Stupore, vicinanza, accompagnamento: il percorso di conversione pasquale per riappropriarci della vita

Messa del Crisma 2021: l’omelia


Letture

Is 61,1–9
Ap 1,5–8
Lc 4,16–21

1.
La quaresima ci ha insegnato a non scappare dal deserto.
A non fuggire dal deserto, anche con le sue ambiguità. Il deserto si presta infatti ad una duplice, possibile e contraddittoria, esperienza. Esso infatti può essere vissuto come luogo dell’aridità e della morte che cercano di sopraffare la vita. Oppure può essere esperito come fecondo ritorno all’essenziale e, dunque, verace possibilità di condivisione e di fraternità con i propri simili e di amorosa adorazione del Dio tre-volte-santo.

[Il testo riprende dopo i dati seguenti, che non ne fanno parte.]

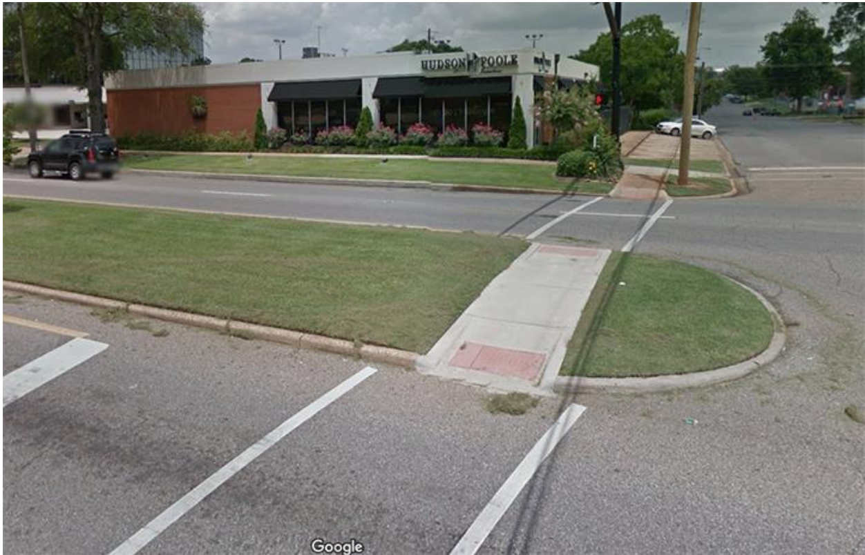
Hudson-Poole fine Jewelers from NW corner of Greensboro Ave. & 12 th St.
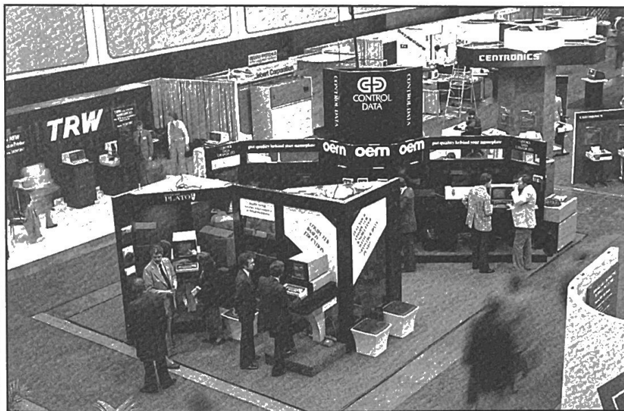
A trade show display of Control Data Canada, Ltd. Probably in Toronto, ca. 1979.

1957 Company incorporated (July 8) with headquarters at 501 Park, Minneapolis; acquired Cedar Engineering. 1958 Received first order for 1604 computer; "Little Character," 1/10-scale prototype of 1604, is operational; Sperry Rand sues CDC. 1959 Delivered air traffic control display. 1960 Delivered 1604 and 160 computers; acquired Control Corp.; established first CDC data center (Minneapolis). 1961 Delivered 160A and 924; established new computing center in San Francisco; awarded $5 million contract for fire control computer for Polaris Submarines; net sales = $19,783,745. 1962 Delivered Polaris computer, 606 tape transport, and 166 line printer; opened European office in Lucerne, Switzerland; moved to new headquarters building in Bloomington, MN; Sperry Rand lawsuit settled out of court. 1963 Delivered 3600 computer, 603 tape drive, 405 card reader; acquired Beck's, Inc., Computer Division of Bendix Corporation, Control Systems Division of Daystrom, Digigraphic Systems of Itek. 1964 Delivered 501 Line printer, 3200 computer; acquired Rabinow Engineering, Transactor business (General Time), Holley Computer Products, Bridge, Inc., Computer Laboratories, Inc., Adcomp Corp., TRG Inc; 1965 Delivered 3100, 6600; acquired
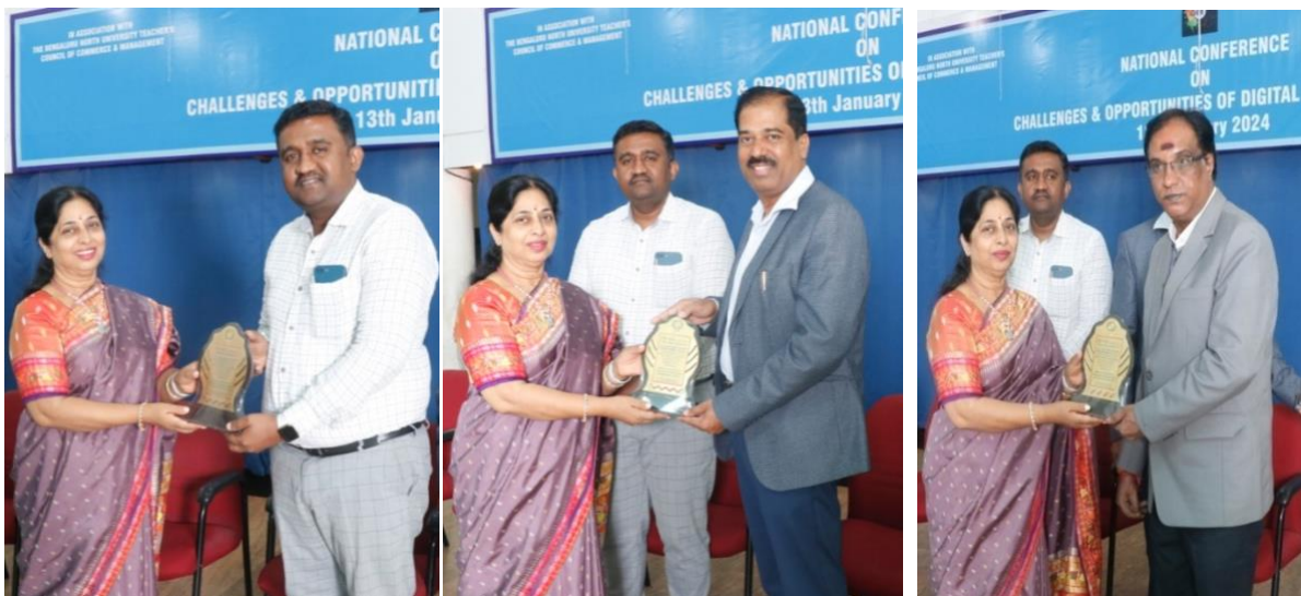
Felicitation to the Dignitaries
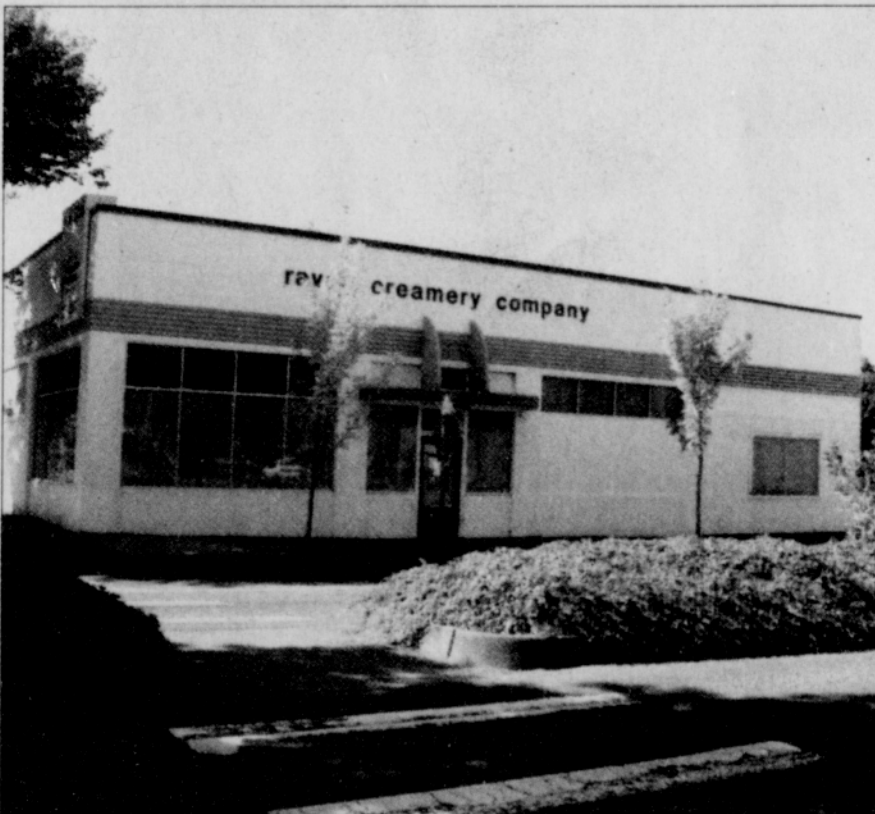
The site of the former Raven Creamery, slated to become site for a new McDonald's restaurant.
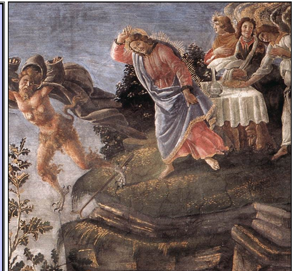
The Temptation of Christ (fresco, detail 6), Sandro Botticelli, Sistine Chapel, 1445-1510

Grant, almighty God, through the yearly observances of holy Lent, that we may grow in understanding of the riches hidden in Christ and by worthy conduct pursue their effects. Through our Lord Jesus Christ, your Son, who lives and reigns with you in the unity of the Holy Spirit, one God, for ever and ever. Amen.

Nel tempo di Quaresima, lo Spirito Santo sospinge anche noi, come Gesù, ad entrare nel deserto. Non si tratta… di un luogo fisico, ma di una dimensione esistenziale in cui fare silenzio, metterci in ascolto della parola di Dio, «perché si compia in noi la vera conversione». Non avere paura del deserto, cercare momenti di più preghiera, di silenzio, di entrare dentro di noi. Non avere paura. Siamo chiamati a camminare sui sentieri di Dio.
(Papa Francesco)

La quaresima ci ha educato a saper attendere e riconoscere, anche nei nostri deserti personali e sociali, la presenza del Risorto e il suo passaggio nella nostra vita, a saper accogliere la grazia che sana le ferite profonde del cuore, a saper leggere la realtà nella verità del suo presentarsi. Un’attesa che si fa comprensione ed accoglienza del Regno di Dio che si mostra anche attraverso le righe storte ed inquiete del nostro tempo.
Non dobbiamo, dunque, evadere nelle fantasie delle nostre immaturità, né attardarci nelle meschinità del nostro animo, ma ci è chiesto di vivere, con giovanile agilità, nella certezza che rinvigorisce l’esistenza dell’uomo e dona consistenza alla storia. Ci è chiesto, cioè, di cogliere la bellezza ed il fascino della Pasqua, e di accoglierne la potenza e la grazia: la vita è ben più potente della morte!
La Pasqua ci dona questa certezza, la Pasqua è questa certezza: il deserto rifiorirà, i derelitti della terra troveranno giustizia, nessun gesto di amore servizievole andrà disperso, la morte non è l’ultima parola della storia, ma è il passaggio alla eternità beata della vita di Dio.
La Pasqua afferma la potenza dell’amore che vince persino il sepolcro con il tanfo mortale del suo chiuso. La Pasqua ci dona l’amore del nostro Dio: ci offre perciò la gioia che nasce dalla consapevolezza – tutta spirituale, tutta cioè nello Spirito e dallo Spirito di Dio – di esser voluti, amati, redenti.
La Pasqua ci mostra la verità e l’inesauribile forza della vita. Una benefica potenza da frequentare e da coltivare.
Alla luce della Parola di Dio, mi sembra di poter richiamare tre termini, sapidi di amore e di vita, tre parole che possono indicare un percorso di conversione pasquale alla vita per riappropriarci, nell’amore che è Dio, della nostra vita di cristiani. E, per noi presbiteri, della nostra vita sacerdotale.

2.
Un primo termine: stupore.
Ho paura delle persone che non si commuovono. Ho paura per un prete che ha perso il senso dello stupore e, di conseguenza, la passione per il Vangelo. A cominciare dallo stupore per la sua stessa vita.
Siamo stati voluti e voluti come figli e, come tali, eredi di umanità e di eternità.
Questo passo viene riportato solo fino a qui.